SuSEconfig reads the variables in
/etc/sysconfig/language and writes the necessary
changes to /etc/SuSEconfig/profile and
/etc/SuSEconfig/csh.cshrc.
/etc/SuSEconfig/profile is read or
sourced by /etc/profile.
/etc/SuSEconfig/csh.cshrc is sourced by
/etc/csh.cshrc. This makes the settings available
systemwide.
Users can override the system defaults by editing their
~/.bashrc accordingly. For instance, if you do not
want to use the systemwide en_US for program messages,
include LC_MESSAGES=es_ES so messages are
displayed in Spanish instead.
16.4.2 Locale Settings in ~/.i18n
If you are not satisfied with locale system defaults, change the settings
in ~/.i18n according to the Bash scripting syntax.

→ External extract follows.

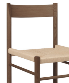
Fumed Oak, Oiled FCCX-OFU-01
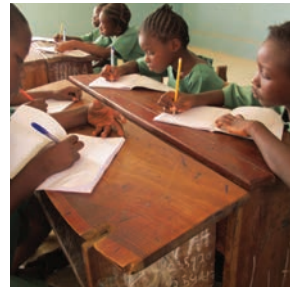
Ask the pupils to complete sentences about the topic.

Entries in ~/.i18n override system defaults from
/etc/sysconfig/language. Use the same variable names
but without the RC_ namespace prefixes, for example,
use LANG instead of RC_LANG:
LANG=cs_CZ.UTF-8
LC_COLLATE=C
16.4.3 Settings for Language Support
Files in the category Messages are, as a rule, only
stored in the corresponding language directory (like
en) to have a fallback. If you set
LANG to en_US and the message
file in /usr/share/locale/en_US/LC_MESSAGES does not
exist, it falls back to
/usr/share/locale/en/LC_MESSAGES.
A fallback chain can also be defined, for example, for Breton to French
or for Galician to Spanish to Portuguese:
LANGUAGE="br_FR:fr_FR"
LANGUAGE="gl_ES:es_ES:pt_PT"
If desired, use the Norwegian variants Nynorsk and Bokmål instead (with
additional fallback to no):
LANG="nn_NO"
LANGUAGE="nn_NO:nb_NO:no"
or
LANG="nb_NO"
LANGUAGE="nb_NO:nn_NO:no"
Note that in Norwegian, LC_TIME is also treated
differently.
One problem that can arise is a separator used to delimit groups of
digits not being recognized properly. This occurs if
LANG is set to only a two-letter language code
like de, but the definition file glibc uses is located
in /usr/share/lib/de_DE/LC_NUMERIC. Thus
LC_NUMERIC must be set to
de_DE to make the separator definition visible to the
system.
16.4.4 For More Information
-
The GNU C Library Reference Manual, Chapter
Locales and Internationalization
. It is included in
glibc-info.
-
Markus Kuhn, UTF-8 and Unicode FAQ for Unix/Linux,
currently at
https://www.cl.cam.ac.uk/~mgk25/unicode.html.
-
Unicode-Howto, by Bruno Haible:
/usr/share/doc/howto/en/html/Unicode-HOWTO.html.